« OCBF Brown Bag Program | Main | DC Convention Materials Now Available for Purchase »

June 17, 2011

Law Committee -- Business Law Section of the State Bar of California -- Bankruptcy e-Bulletin

June 16, 2011

Dear Insolvency Law Committee Constituency List members:

The following is an Ebulletin prepared on a case of interest by members of
the Insolvency Law Committee constituency list:

On April 26, 2011, the Supreme Court approved an Amendment to Rule 2019 of
the Federal Rules of Bankruptcy Procedure ("FRBP") with an effective date of
December 1, 2011.

RATIONALE FOR AMENDMENT

According to the Advisory Committee Reports, the purpose for the amendment
to Rule 2019 was to "expand disclosure requirements to facilitate openness
and transparency by revealing potentially divergent economic interest within
groups of creditors or equity security holders and on the putative
representatives of other stakeholders." The amendment requires committees,
groups or entities that consist of or represent creditors or equity security
holders who are acting in concert to identify "their disposable economic
interests" as it relates to the debtor.

PRIMARY CHANGES TO RULE 2019

The amended rule begins with a new definition section in subparagraph (a).
Therein the term "disclosable economic interest" is now defined in Rule
2019(a)(1) to be more expansive than only a claim or interest.

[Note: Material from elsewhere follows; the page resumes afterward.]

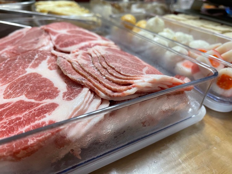 (右圖)從一個大塑膠袋撈出的一包包也裝塑膠袋的五花肉,每一團還不規則形,而且大塑膠袋外袋下還有四包五花肉被壓著,因為長輩以為沒了就又多買。

The next added definition is "represent" or "represents" which is explained
to mean the taking of a position before the court or to solicit votes
regarding the confirmation of a plan on behalf of another. According to the
Advisory Committee, these terms require active participation in the case.

Focusing on disclosures, Rule 2019(b)(1) now requires a verified statement
by every group or committee that consists of or represents, and every entity
that represents, multiple creditors or equity security interests, that are
(A) acting in concert to advance their common interests and (B) not composed
entirely of affiliates or insiders of one another. This change clarifies
that groups comprised entirely of affiliates or insiders of one another are
exempt from the rule.

Also, specifically excluded from the disclosure requirements explained in
subpart (b)(2) are: (a) an indenture Trustee; (b) an agent for one or more
other entities under an agreement for the extension of credit; (c) a class
action representative; or (d) a governmental unit that is not a person.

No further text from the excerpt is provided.